西ドイツ化学各社の研究費投資額は 第II-3-30表 の通りであるが,日本とは桁違いの差があるといってよい。このうちヘキストグループの研究開発費の40%は薬品関係に投ぜられている。また例えばBASF社の1979年の売上の三分の一は過去10年間に開発された製品によるものであると言われている。さらに長期的には,汎用化学品では米国等原料コストの低い地域に進出し,ドイツ本国では特殊化学品(ファイン・ケミカル)へ主力を集中するという戦略をとっており,やはりヘキストグループでは,国外売上の比率がすでに79年で60%以上に達している。
わが国の化学工業には,その成立の歴史から,急に西ドイツ企業と同様な行動をとれない事情はある。しかし需給両面にわたる構造変化の中で発展していくためには,構造改善の努力を払いつつやはり一段と次元の高い技術集約化をめざさなければならないのではなかろうか。
以上三つの時期に分けてわが国の産業調整問題を概観したが,1960年代の高度成長期から70年代を通じて,日本の産業構造の変化は他のいずれの先進諸国よりも大きかったとみられる。 第II-3-31表 で各国の産業構造の変化係数をみると,ほとんど各時期を通じて,日本の変化係数は高い。また雇用・就業構造の変化についても同様なことが言える。( 第II-3-32表 )相対的にも高い成長率の中での構造変化という有利な条件があったにせよ,以上に述べてきたような状況からすれば,わが国における生産要素の流動性はかなり弾力的に維持されているといえよう。このことは既に第部を通じて繰り返し述べてきたので,ここでは二点だけを追加的に指摘しておきたい。

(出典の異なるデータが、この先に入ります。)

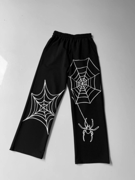 İki İplik Kumaş Örümcek Baskılı Esofman – Siyah
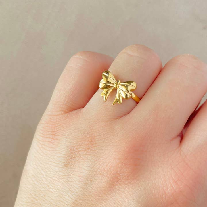 Charming dainty bow ring in stainless steel with 18k gold PVD Plated finish. Tarnish-free and waterproof!

第1は,資本,技術の流動性と企業の多角化との関係である。わが国では60年代の多角化はしばしば資本グループが新規分野を付け加えるという形で行われ,70年代に入って,企業自身の事業部制,子会社等を通じる多角化行動も増えてきた。しかしわが国の企業の多角化行動は,他の先進工業国特にアメリカに比べると低く,これは日本経済が構造変化よりも量的拡大によって成長してきたからだという見方もある。こうした議論は,多角化や構造変化を示す指標として何をとるかにもよるので簡単には結論を下せない。しかし,日本の場合は,資本グループによるものにせよ,企業自身によるものにせよ,何らかの技術的関連性あるいは人的結合関係を前提とする場合が多い。それだけにアメリカのようにテークオーバ1・ビッド(株式公開買い付け,TOB)でコングロマリット化を進めるような派手さはないが,生産技術の移転のためには却って有利な面もあったと思われる。企業の多角化による構造変化への適応は今後ますます重要性を増すと思われ,その機能については一層の研究が必要であろう。

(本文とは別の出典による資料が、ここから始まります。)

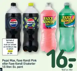 | Pepsi Max eller Faxe Kondi 1.5 liter. Ex. pant | REMA 1000 | 20,00 kr. | 12,00 kr. | 8,00 kr. Rabat | 09 februar 2025 | 15 februar 2025 | |
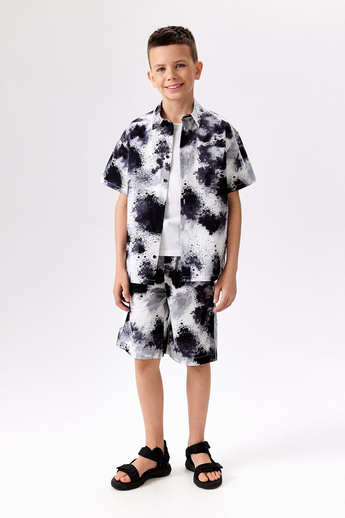 Детские шорты для мальчика изготовлены из легкой хлопковой ткани, которая обеспечивает комфорт во время прогулок в жаркую погоду. Пояс на резинке регулируется шнурком для идеальной посадки, добавляя удобство в ношении. Шорты длиной выше колена позволяют легко двигаться, что важно для активных мальчиков. Боковые карманы и карман на спинке обеспечивают удобство для хранения мелочей. Особенность изделия – дизайнерский принт в виде распыленной краски, что делает образ более запоминающимся и оригинальным, привлекая внимание к стилю юного модника. Стилизуйте шорты в чёрно-белом цвете с футболкой, чтобы создать модный повседневный образ на каждый день. (20110420123) Черно-белый

いま一つは労働市場,とくに内部労働市場の機能が労働力の流動性に与えた影響である。1950年代には,第一次産業からの労働力の移動が第二次産業の労働力の大きな供給源となった。しかしこの要因は60年代,70年代を通じて順次その寄与度が縮小した。また新規学卒者による労働供給も雇用構造の変化に寄与した。しかし,60年代後半以降は新規労働力が総労働供給に占める比重はほぼ一定化し,これに対し,第二次産業内部における労働移動が一定の役割を果たすようになったとみられる。
わが国の内部労働市場が,職能別組合せ先任権制度の厳しい他の先進工業国と違って,職場内における技術・職業訓練の範囲が広く,それだけに柔軟な構造をもっているということはいくつかの研究によって指摘されている。それが生産要素としての労働力の流動性とどういう関係を有しているかは,なお一層の分析が必要であろうが,有利な条件として作用したであろうことは間違いない。
もちろん,労働力という生産要素はあくまで人間そのものであり,ダイナミックな弾力性とともに生活の安定性を求めるものである。したがって,ただ単に流動性が高ければよいというものではなく,同時に安定性の欲求も満足されねばならない。一方安定性のみを極度に追求すると,結局社会の硬直性が増し,その結果,安定性自体が失われてしまうことになりかねない。したがって生活の安定性を保証しつつ,効率的流動性が失なわれないような社会を維持することが必要であろう。